One of the problems is that most ransomware will run, encrypt the files, then delete themselves to avoid detection. That means AV doesn't get a chance to catch it later after updated definitions arrive. So AV reporting is useless and AV reporting is how we used to know how big infections were. I also think the AV industry is incentivized to not make a big fuss about ransomware because the infection numbers are embarrassing to them. So far they can't stop it with traditional means. A lot of shops run things like RansomFree, InterceptX, CarbonBlack, etc on top of now near useless traditional AV.

https://www.scmagazine.com/cryptowall-surpasses-cryptolocker...

>Maximum concurrent requests for this endpoint reached. Please try again shortly.

Anyone have another link? I'd be interested to see how many people actually paid.

I just realized there is more than one address, entering them all in
Looking at those ammounts, some people seem to be donating BTC just for fun. 0.0001337 BTC won't decrypt anything :D
Looks to have infected Windows 7 machines based on some of the screenshots : https://4.bp.blogspot.com/--Tzl_0ABu-Y/WRs-KUrQWzI/AAAAAAAAB...

Thought it was only an XP thing?

Patches were released for everything from XP onwards, up to WinX (which is apparently not vulnerable to the SMB exploit).
Many of those photos show real time connections / schedules for trains of the Deutsche Bahn.
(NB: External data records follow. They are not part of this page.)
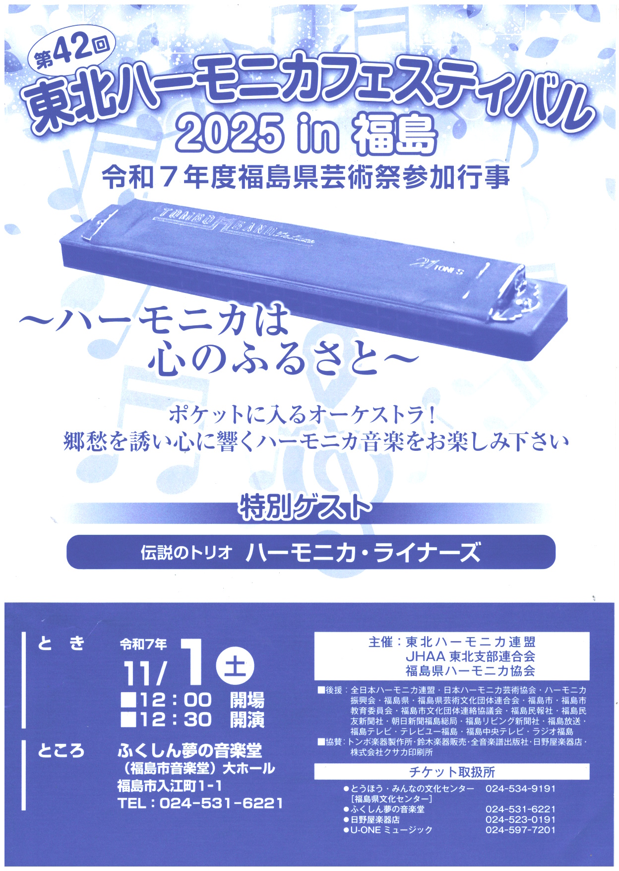 今年度の「東北ハーモニカフェスティバル」が11月1日に福島で開催されるという知らせを聞き、是非聴いてみたいと思って行ってきました。
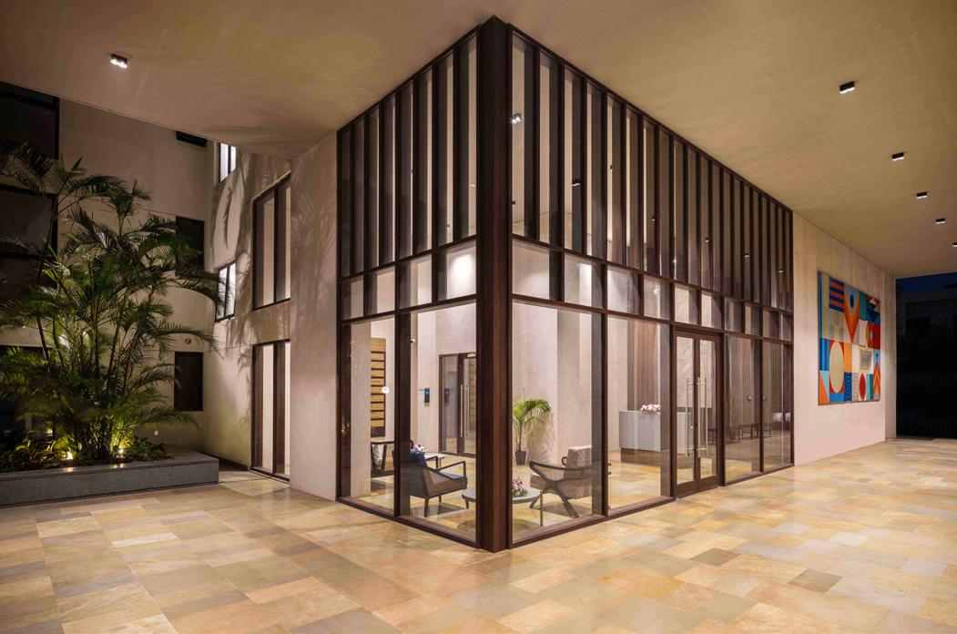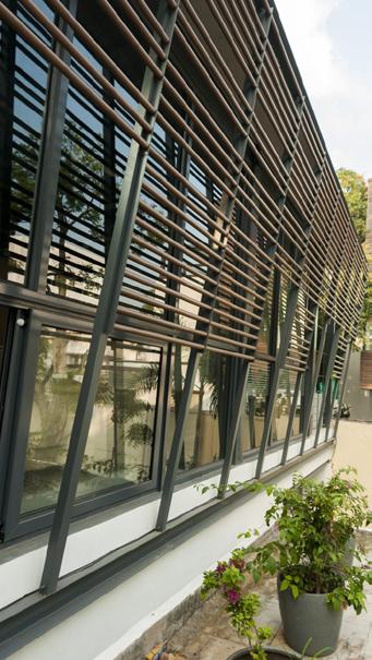 A flight of stairs gracefully ushers visitors to the open office space on the first floor, characterized by full-height glazing that offers sweeping panoramic views. To counter the late afternoon sun, metal grills host a green tapestry of creeping plants, which reduces heat and adds a touch of nature to the ambiance.
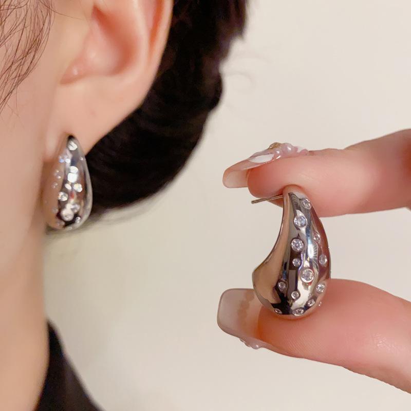 Gold-metal drop earrings (thick gold plating), silver-metal drop earrings (thick gold plating)
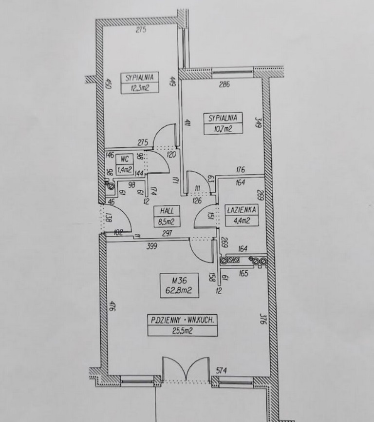 - powierzchnia mieszkania: 62,80m2
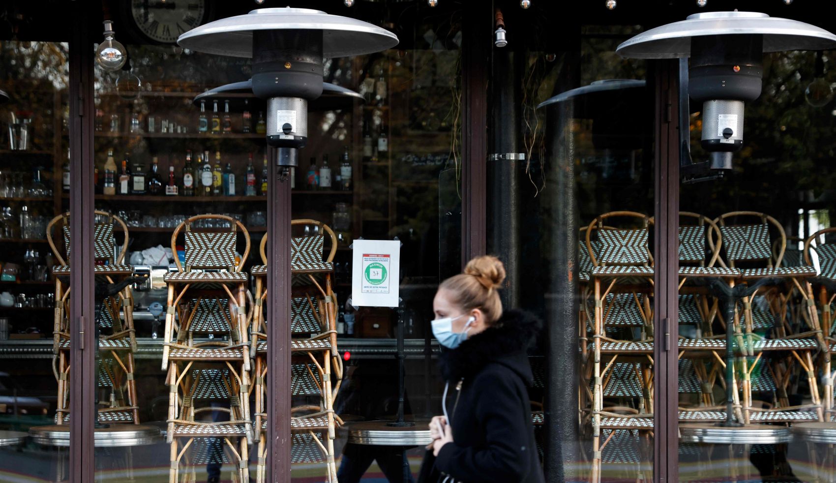 A woman walks past a closed restaurant in Paris during lockdown, on Nov 18, 2020.

I'm wondering ... does this mean they have a dedicated OS installation (virtual or not) for each set of displays showing different schedules? That would be so rediculously inefficient ...

... but then again - it's the DB - basically a synonym in Germany for incompetence :D

Yes, they have. How would you do it otherwise? At some point you need to render all those different tables. Using off-the-shelf comments is probably the most efficient system imaginable.

If you think DB is utterly incompetent you should take some trains in most other countries. I know it's a popular sport to bitch and moan about them (I do it as well) but seriously, the system works surprisingly well. Those displays are also some secondary info screens that were added later and are not part of the core system and thus probably don't receive the same attention as other more important things.

> Yes, they have. How would you do it otherwise?

How about a thin client based on Linux receiving the raw data wireless and then simply displaying it formatted as a table?

And if that doesn't exist yet then have Siemens design a solution of that kind.